David V. BEKAERT1*, Yves MARROCCHI1, Alex MESHIK2, Laurent REMUSAT3, and Bernard MARTY1
Meteoritics & Planetary Science (in Press) Link to Article []
1Centre de Recherches Petrographiques et Geochimiques, CRPG-CNRS, Universite de Lorraine, UMR 7358, 15 rue NotreDame des Pauvres, BP 20, 54501 Vandoeuvre-les-Nancy, France
2Department of Physics, Washington University, 1 Brookings Drive, Saint Louis, Missouri 63130, USA
3Institut de Mineralogie, de Physique des Materiaux et de Cosmochimie (IMPMC), UMR CNRS 7590 – Sorbonne, Universites -UPMC – IRD – Museum National d’Histoire Naturelle, 57 rue Cuvier, Case 52, 75231 Paris Cedex 5, France
Published by arrangement with John Wiley & Sons

The Paris carbonaceous chondrite represents the most pristine carbonaceous chondrite, providing a unique opportunity to investigate the composition of early solar system materials prior to the onset of significant aqueous alteration.
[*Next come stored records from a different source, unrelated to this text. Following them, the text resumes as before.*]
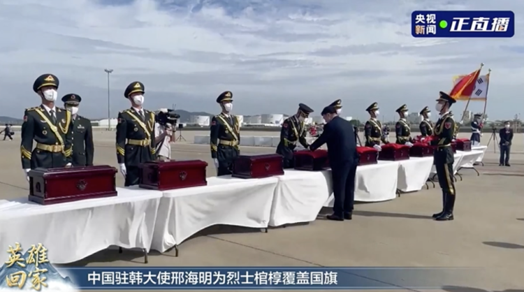 今天,接英雄回家! 2022-9-16 来源:央视新闻 今天(16日)上午 中韩双方在韩国仁川国际机场共同举行 第九批在韩中国人民志愿军烈士 遗骸交接仪式 88位中国人民志愿军烈士遗骸 及相关遗物,将返回祖国 上午8时许 志愿军烈士棺椁覆盖国旗 在场人士向烈士遗骸三鞠躬表示哀悼 随后,中国人民解放军礼兵 手捧烈士棺椁登上运-20专机 英雄回家,共同见证! 离家尚是少年之身 归来已是报国之躯 70余年 祖国从未忘记,人民从未忘记 今天,祖国接你们回家! ▌本文来源:央视新闻微信公众号(ID:cctvnewscenter) 更多新闻 监制/徐冰 主编/杜显翰 总台记者/张昀 唐鑫 卢星海 视频编辑/乃扎尔 制图/孟祥龙 编辑/秦静 校对/高少卓 ©央视新闻 山河已无恙,英雄归故乡↓↓↓ 赞一个 (0)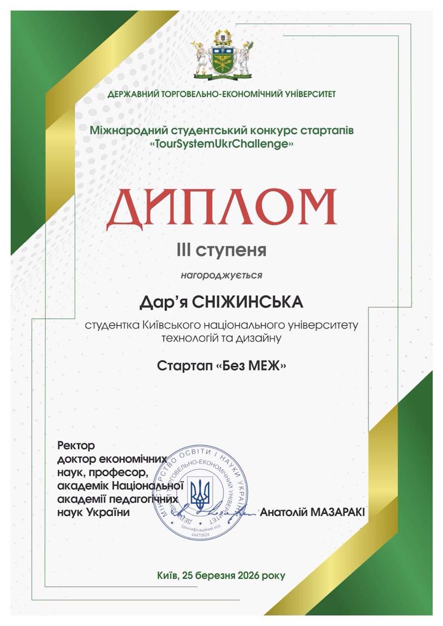 Гідно представила Київський національний університет технологій та дизайну студентка кафедри туризму та готельно-ресторанного бізнесу Сніжинська Дар’я, яка презентувала стартап-проєкт «БезМеж» (секція Startup.Hospitality_2026), розроблений під науковим керівництвом д. н. держ. упр., професора кафедри туризму Ахмедової Олени.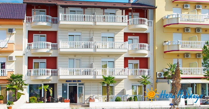 Mare del Sol este situat in Paralia Katerini la aproximativ 70m de plaja amenajata cu umbrele si sezlonguri gratuite (consumatia la bar fiind obligatorie) si la cateva sute de metri de centrul statiunii, unde se gasesc tavernele si barurile din zona.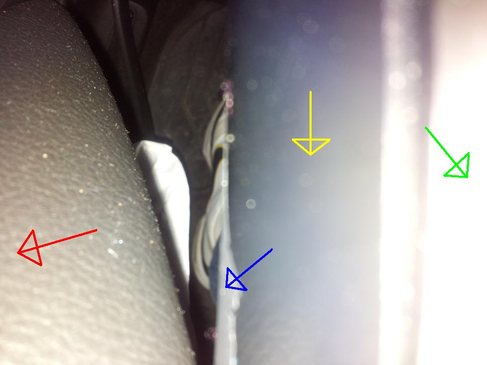 La flèche jaune est la partie intérieure de la poignée sans le "soft touch"écaillé ( la base en plastique noir brilliant)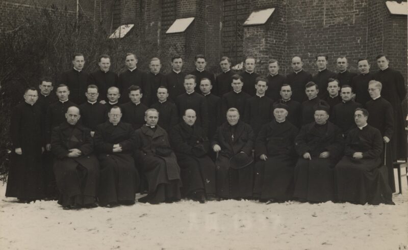 Absolwenci i profesorowie Wyższego Seminarium Duchownego w Pelplinie z księdzem bp. Konstantym Dominikiem. W pierwszym rzędzie piąty od lewej stoi: ks. Stefan W. Frelichowski, 1937 r.

A dual origin (namely from the inner and outer solar system) has been demonstrated for water in the Paris meteorite parent body (Piani et al. 2018). Here, we aim to evaluate the contribution of outer solar system (cometary‐like) water ice to the inner solar system water ice using Xe isotopes. We report Ar, Kr, and high‐precision Xe isotopic measurements within bulk CM 2.9 and CM 2.7 fragments, as well as Ne, Ar, Kr, and Xe isotope compositions of the insoluble organic matter (IOM). Noble gas signatures are similar to chondritic phase Q with no evidence for a cometary‐like Xe component. Small excesses in the heavy Xe isotopes relative to phase Q within bulk samples are attributed to contributions from presolar materials. CM 2.7 fragments have lower Ar/Xe relative to more pristine CM 2.9 fragments, with no systematic difference in Xe contents. We conclude that Kr and Xe were little affected by aqueous alteration, in agreement with (1) minor degrees of alteration and (2) no significant differences in the chemical signature of organic matter in CM 2.7 and CM 2.9 areas (Vinogradoff et al. 2017). Xenon contents in the IOM are larger than previously published data of Xe in chondritic IOM, in line with the Xe component in Paris being pristine and preserved from Xe loss during aqueous alteration/thermal metamorphism.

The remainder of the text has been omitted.